AI-powered Roblox game creator — type a prompt, get a complete playable .rbxlx. A conversation-first agent orchestrates frontier LLMs on a hybrid backend where LLMs design (WHAT) and deterministic TypeScript builds (WHERE). A self-hosted GPU pipeline generates themed 3D meshes on demand at a fraction of hosted-API cost. Ongoing work.

TYPESCRIPT LLM ORCHESTRATION GPU INFRA ROBLOX NEXT.JS 15 R3F
Isometric voxel landscape: neon obby track, candy kingdom, medieval castle — sample worlds generated by PromptBlox

TECH_STACK

TypeScript Next.js 15 Claude (Anthropic) Gemini (Google) Modal (self-hosted GPU) React Three Fiber Drizzle ORM Neon Postgres Upstash Redis Railway Stripe Vitest Playwright

KEY_FEATURES

Conversation-First Agent

An LLM classifies every prompt along four intent axes (clear, novel, ambiguous, impossible), asks experience-based clarifying questions when needed, then hands off to a designer LLM. No template selector, no wizard.

LLMs Design, TypeScript Builds

The designer outputs a semantic GameSpec (zones, mechanics, economy). A deterministic TypeScript layout engine with a small set of spatial archetypes turns the spec into coordinates — LLMs never predict raw XYZ, which sidesteps the spatial-reasoning failure mode.
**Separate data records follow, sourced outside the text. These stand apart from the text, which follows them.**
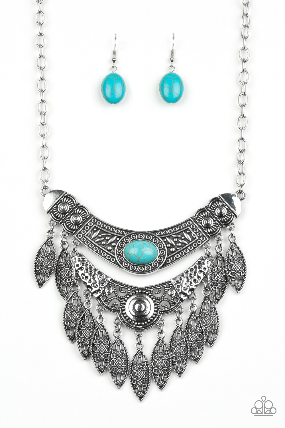 Featuring a collision of hammered, studded, and embossed patterns, two silver half-moon plates dramatically stack below the collar. Swirling with studded filigree detail, ornate silver frames swing from the bottoms of the stacked pendants, creating a fierce tribal inspired fringe. A refreshing turquoise stone is pressed into the center of the uppermost frame for a seasonal finish. Features an adjustable clasp closure.
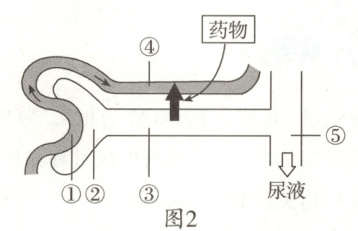 (填“促进”或“抑制”)葡萄糖的重吸收,使更多的葡萄糖沿着图 2 中①→②→③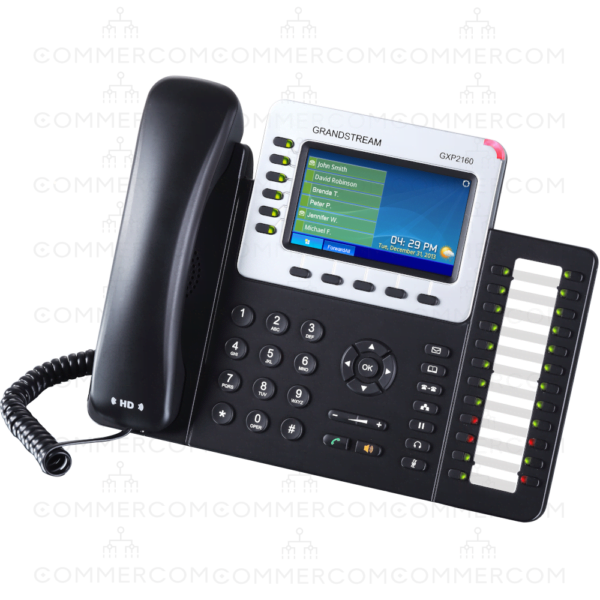 GXP2160 є бездоганно спроектованим бізнесом IP-телефоном, що підтримує до 6-ти ліній, і оснащений кольоровим РК-дисплеєм з діагоналлю 4.3 дюйма (480×272), п’ятьма XML програмованими контекстно-залежними клавішами, 24 вбудованими BLF клавішами, двома портами GigabitEthernet з підтримкою PoE, вбудованим Bluetooth, підтримкою режиму конференції до 5 учасників учасників, а також підтримкою пристроїв електронного зняття трубки (EHS). Забезпечує: HD-якість звуку; великий набір передових функцій телефонії; персоналізовану інформацію та службу додатків; автоматизовану ініціалізацію, для спрощеного розгортання; покращений захист і широку сумісність з більшістю SIP-пристроїв та провідних платформ SIP/NGN/IMS. Ідеально підходить для підприємств малого та середнього бізнесу, GXP2160 є потужним IP-телефоном з кольоровим екраном, для користувачів, яким необхідно обробляти великий обсяг дзвінків.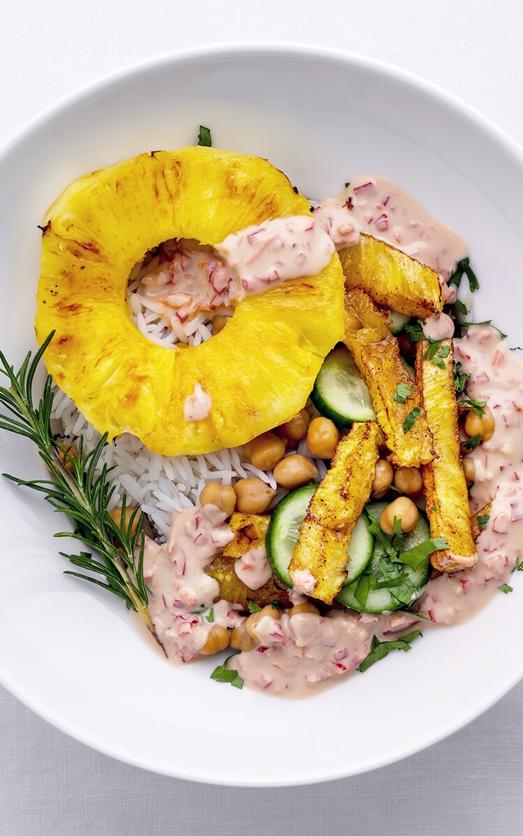 Bowls are now a part of our meals. In the past, we used to arrange all the dishes on the table on separate plates. Then we would collect the dishes from the table for hours after the meal. Now bowls save our lives.In this recipe, well use ingredients that come together to create the perfect meal. Especially the pineapple will be the star of this bowl.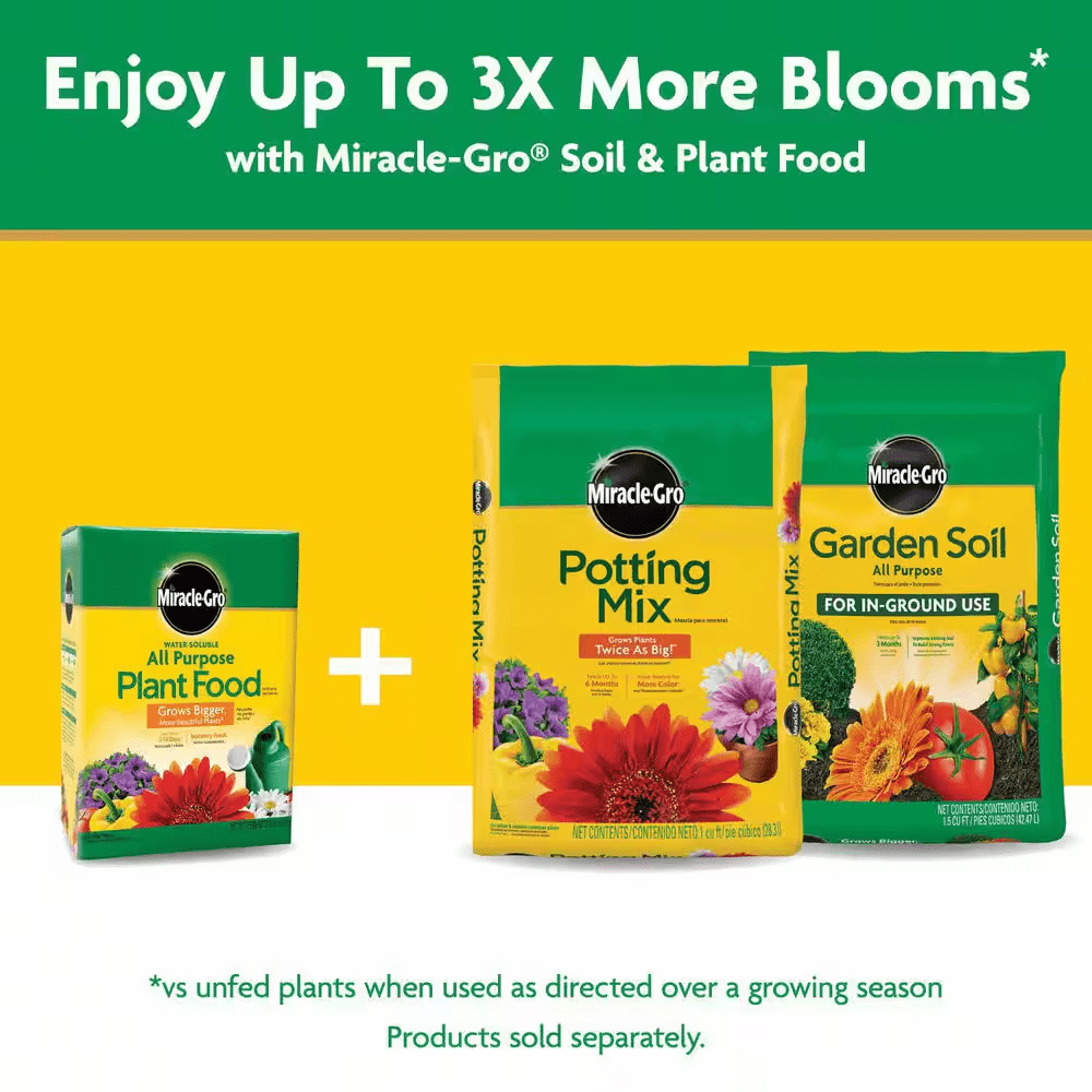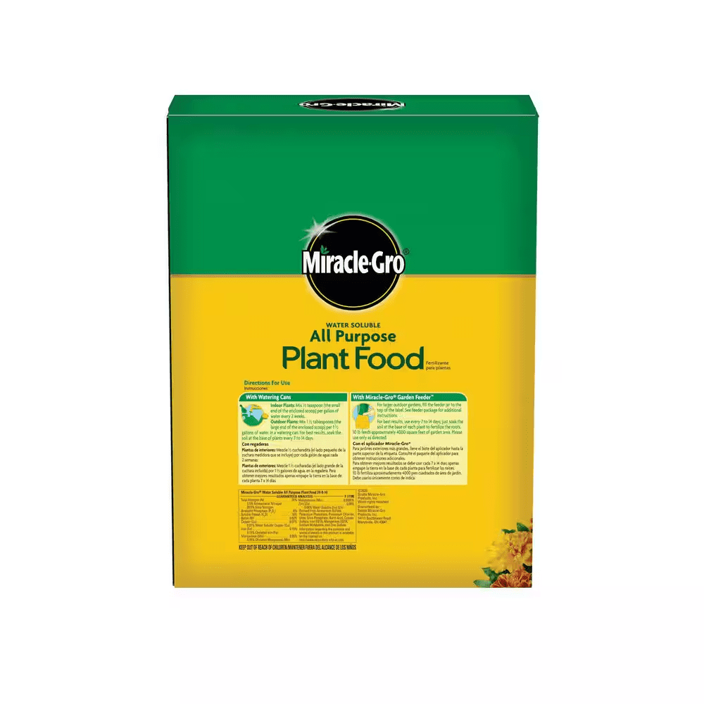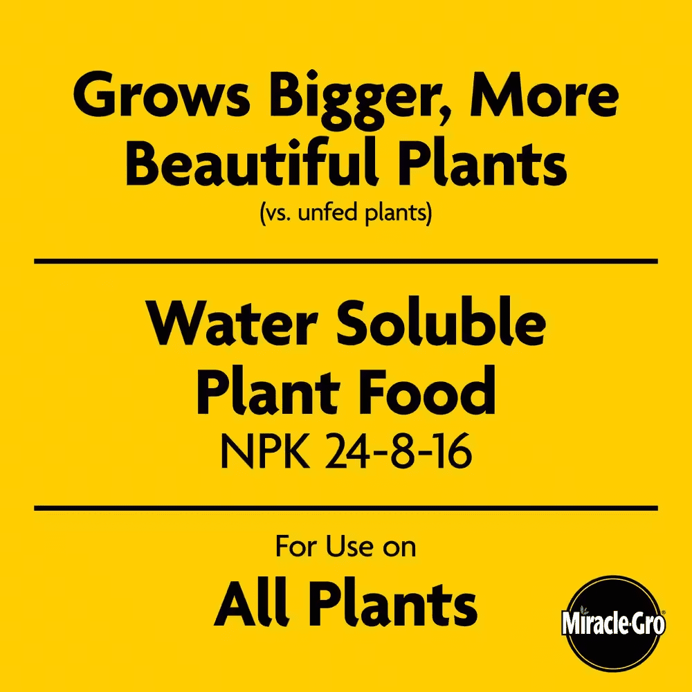 Grow bigger and more beautiful plants with Miracle-Gro Water Soluble All Purpose Plant Food (vs unfed plants). This gardening product feeds plants instantly. In addition, it’s safe for all plants and won’t burn plants when used as directed. Use with all types of indoor or outdoor plants, including flowers, vegetables, houseplants, roses, trees, and shrubs. This plant food may be used with container plants or in-ground gardens. To apply to indoor plants, use the small end of the included scoop (1/2 tsp) and mix plant food with 1 gallon of water in a watering can. Reapply every 2 weeks. For outdoor plants, use the large end of the included scoop (1 1/2 tbsp) and mix with 1 1/2 gallons of water in a watering can. Reapply every 7 to 14 days. When using in large garden areas, fill a Miracle-Gro Garden Feeder (sold separately) and follow feeder directions. For best results, just soak the soil at the base of each plant to fertilize the roots. One 10 lb. container of Miracle-Gro Water Soluble All Purpose Plant Food feeds approximately 4,000 sq. ft. of garden area.

Self-Hosted 3D Asset Pipeline

A text-to-3D + texturing chain runs on self-hosted GPU workers behind a typed RPC boundary. The resulting unit cost is order-of-magnitude cheaper than hosted-API equivalents, which is what makes per-user free tiers economically viable.

Resolver Pattern

A single data-driven document is the source of truth for prompt-to-pipeline routing — keywords, aesthetics, archetypes, decoration rules. It is versioned, greppable, and covered by trigger-eval regression tests in CI. Shadow-mode migrations validate new routing against the legacy classifier in production before any cutover.

Multi-Agent Orchestration

Built using a planner / engineer / reviewer pipeline of autonomous coding agents. File-claim isolation and per-track git worktrees let several engineer agents work in parallel without merge conflicts. Peak throughput has hit 35-80 commits in a single session.

Complete .rbxlx Output

Outputs a fully playable Roblox game file with 100+ injected Luau gameplay snippets (currency, checkpoints, kill bricks, pet hatching, CTF flags, round timers, etc.). Users publish straight to Roblox from the browser via OAuth.

APPROACH

PromptBlox uses a resolver-driven routing layer to keep generation logic consistent as game types scale. LLMs handle creative decisions (what the game is, how it feels); deterministic TypeScript handles spatial decisions (where parts go, how they connect). Details on request.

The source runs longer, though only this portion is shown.